Market Position and Strategy
In terms of market position, firms may be classified as market leaders, market challengers, market followers, or market niches.
• Market leader: The market leader is the one who controls a significant market share. The goal of a market leader is to reinforce its prominent position through the use of branding to develop and maintain its corporate image and to restrict the competitor’s brand. Market leaders may adopt unconventional or unexpected approaches to building growth and their tactical responses are likely to include: product proliferation; diversification; multi-branding; erecting barriers to entry; vertical and horizontal integration and corporate acquisitions.
• Market challenger: The market challenger holds the next highest market share in the industry, following closely the most dominant player. Their market posture is generally offensive because they have less to lose and more to gain by taking risks. They will compete ‘neck to neck’ with the market leader in an effort to grab their market share. Their overall strategy is to gain market share through product, packaging, and service innovations; new market.
• Market follower: Followers are generally content by taking a backseat and follow the policy of wait and watch. They rarely invest in their own funds in R &D and sit and relax to watch market leaders bring out novel and innovative products and afterward adopt a “me-too” approach. Their strategy is to maintain its market position by preserving the existing customer base. T hey strategy is to maintain steady profits by controlling costs.
• Market niche: The market niche occupies a small niche in the market in order to avoid ‘neck to neck’ competition. Their objective is to build strong ties with the existing customer base and develop strong loyalty with them. Their strategy is to develop and build a smaller segment and protect it. Tactically, niches are likely to improve the product or service offering, leverage cross-selling opportunities, offer value for money, and build relationships through superior after-sales service, service quality, and other related value-adding activities.

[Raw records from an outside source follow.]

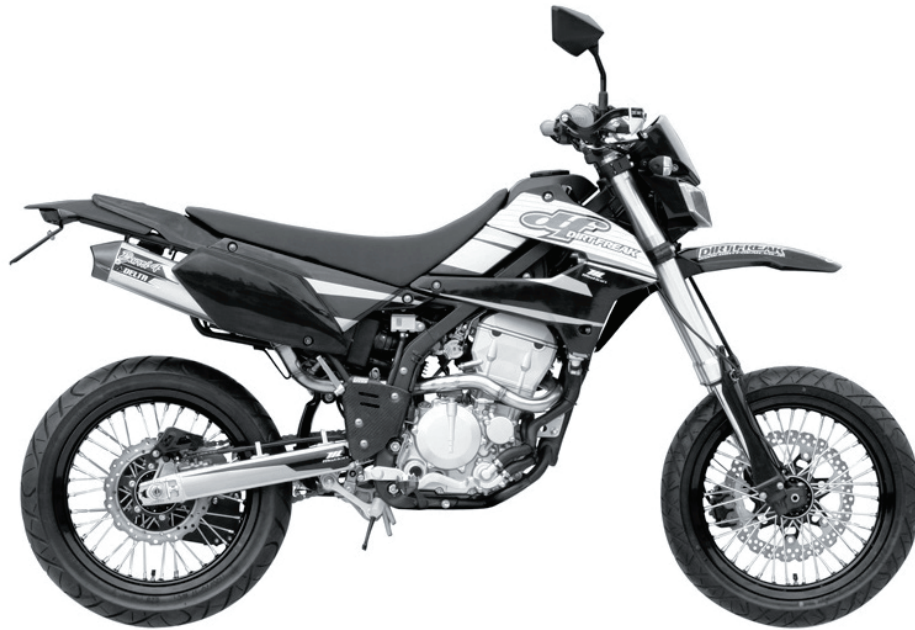
デルタバレル4-Sサイレンサー '08D-TRACKER-X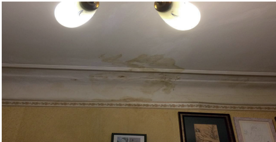
Желтеющие потолки и сырость – в таких условиях жить нельзя никому, тем более ветерану Великой Отечественной войны. Фото: Фёдор Фирсов

Пресс-служба Тамбовского регионального отделения ЛДПР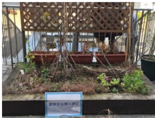
現在の冬のポタジェガーデン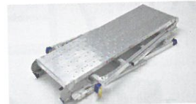
DXA-18AT (収納状態) 折りたたみ式ですので運搬時や収納時にスペースをとりません。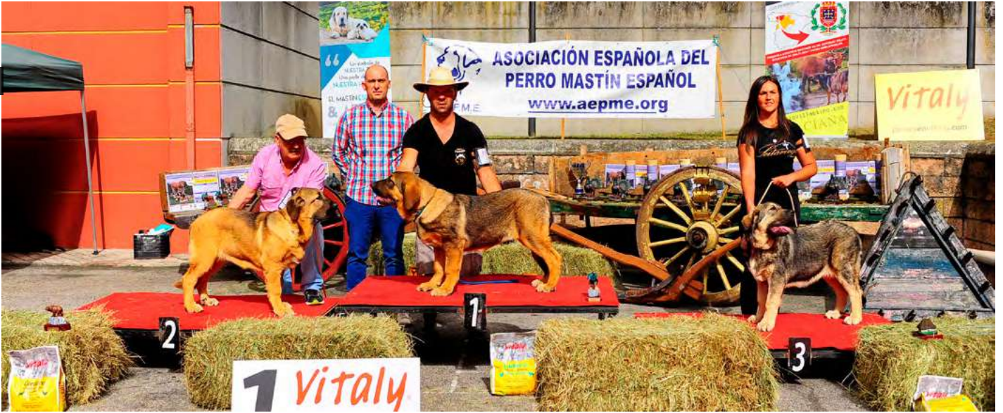
PODIUM CACHORROS HEMBRAS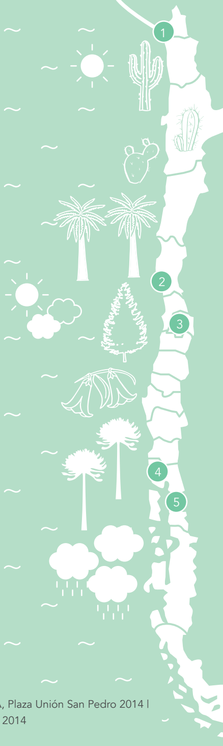
1. ARICA, Plaza Villa Azolas 2017 | 2. LOS VILOS, Plaza La Amistad 2016 | 3. LA FLORIDA, Plaza Unión San Pedro 2014 | 4. OSORNO, Plaza C. Ibáñez del Campo 2016 | 5. HORNOPIRÉN, Plaza Nuestro Parque 2014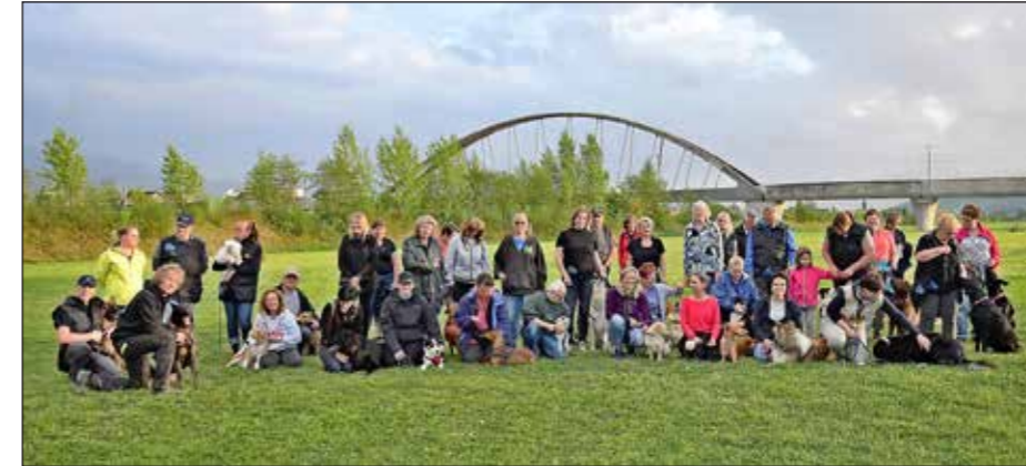
Die Vorstands- und Vereinsmitglieder mit ihren Lieblingen.

Seit 70 Jahren begleitet nun der St. Margrether Verein Hundebesitzer mit professionellen Kursen, die von ausgebildeten Trainern unterstützt werden. Der Verein möchte den Hundebesitzern zeigen, was es heisst, einen Hund zu besitzen, und wie man ihn am besten erziehen kann.

A key aspect of the marketing strategy is to keep marketing consistent with a company’s overarching mission statement. Strategies often specify how to adjust the marketing mix; firms can use tools such as Marketing Mix Modeling to help them decide how to allocate scarce resources, as well as how to allocate funds across a portfolio of brands. In addition, firms can conduct analyses of performance, customer analysis, competitor analysis, and target market analysis.